Transcribe the records below word for word, leaving every picture out.

─── Source information

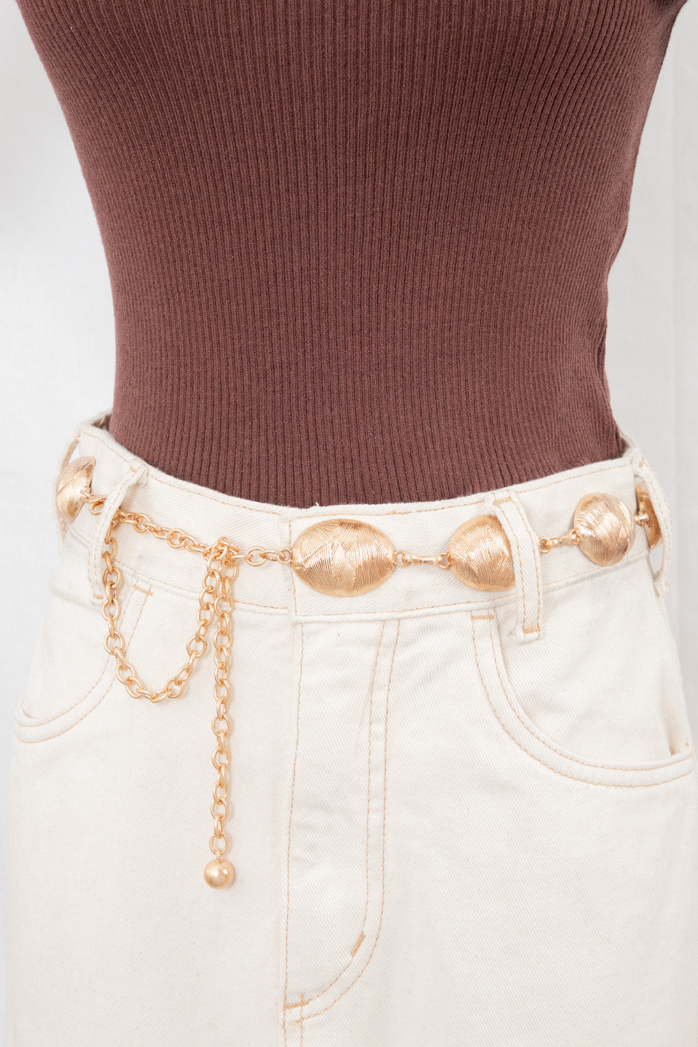 Elevate your style with this gold chain belt featuring delicate links and a refined shell-shaped detail that captures the essence of natural luxury. Crafted from high-quality metal, this adjustable chain belt offers a perfect fit and a polished finish, making it an essential accessory for dresses, skirts, or tailored trousers. A timeless piece that adds elegance and sophistication to any outfit.
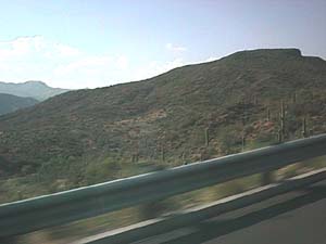im originally wanted to get a hotel room in Sedona, but the crowds convinced her we should continue down to Phoenix and stay tonight with her aunt Rhonda. So we found our way back to I-17 and continued southward. The cellular phone proved useless in the low desolate mountains through which we passed. Gradually the plants changed. Ovoid cacti grew increasingly numerous, along with a kind of bush that appears to photosynthesize mainly with its swollen green stems (not its tiny vestigial leaves). The juniper-type bushes grew fewer and fewer in number until they all but disappeared.
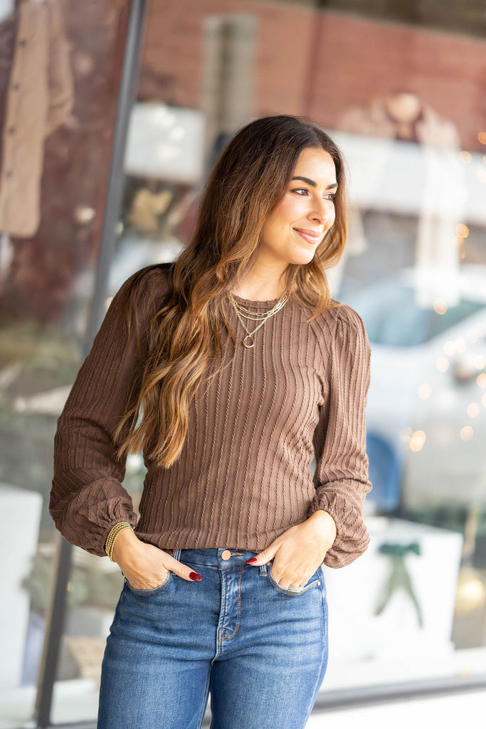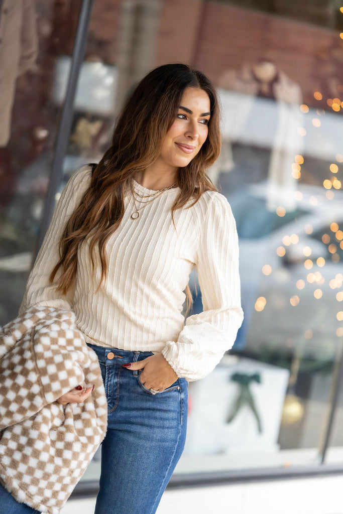 Elevate your everyday style with this beautifully textured knit top. Designed with a subtle wave pattern and elegant puff sleeves, it strikes the perfect balance between polished and effortless.
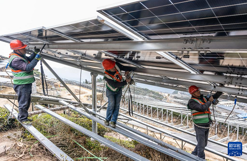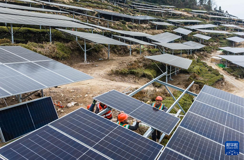 2月13日,技術(shù)人員在湖北省宜昌市秭歸縣茅坪鎮(zhèn)四溪村光伏電站建設(shè)現(xiàn)場安裝光伏板。(新華社發(fā) 鄭家裕 攝)
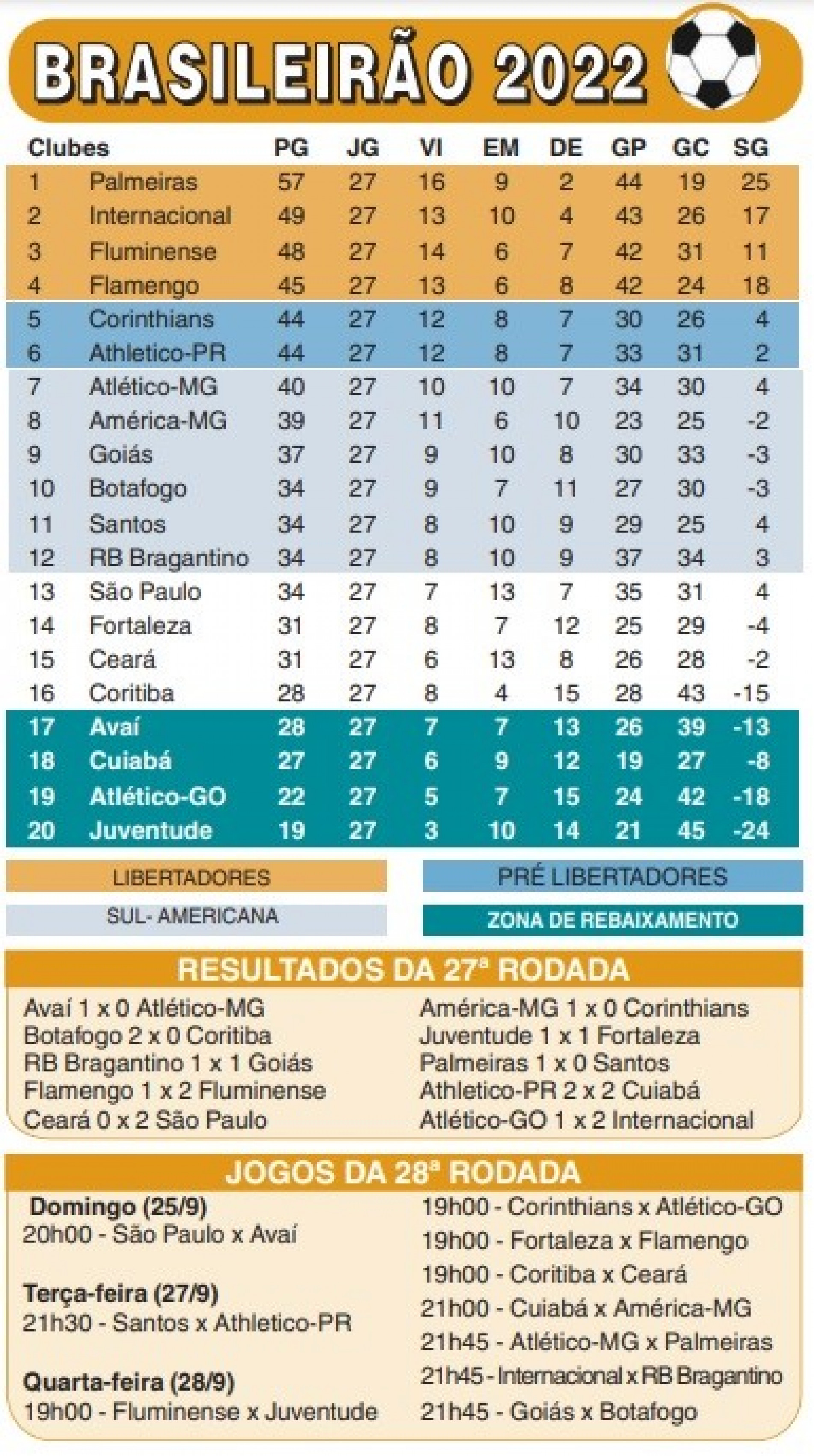 Os dados são do Departamento de Matemática da Universidade Federal de Minas Gerais (UFMG). A equipe palestrina lidera o campeonato com 57 pontos, oito a mais que o Internacional e nove à frente do Fluminense.

──────

▶ _Written solution_
 Elevate your style with this gold chain belt featuring delicate links and a refined shell-shaped detail that captures the essence of natural luxury. Crafted from high-quality metal, this adjustable chain belt offers a perfect fit and a polished finish, making it an essential accessory for dresses, skirts, or tailored trousers. A timeless piece that adds elegance and sophistication to any outfit.
im originally wanted to get a hotel room in Sedona, but the crowds convinced her we should continue down to Phoenix and stay tonight with her aunt Rhonda. So we found our way back to I-17 and continued southward. The cellular phone proved useless in the low desolate mountains through which we passed. Gradually the plants changed. Ovoid cacti grew increasingly numerous, along with a kind of bush that appears to photosynthesize mainly with its swollen green stems (not its tiny vestigial leaves). The juniper-type bushes grew fewer and fewer in number until they all but disappeared.
 Elevate your everyday style with this beautifully textured knit top. Designed with a subtle wave pattern and elegant puff sleeves, it strikes the perfect balance between polished and effortless.
 2月13日,技術(shù)人員在湖北省宜昌市秭歸縣茅坪鎮(zhèn)四溪村光伏電站建設(shè)現(xiàn)場安裝光伏板。(新華社發(fā) 鄭家裕 攝)
 Os dados são do Departamento de Matemática da Universidade Federal de Minas Gerais (UFMG). A equipe palestrina lidera o campeonato com 57 pontos, oito a mais que o Internacional e nove à frente do Fluminense.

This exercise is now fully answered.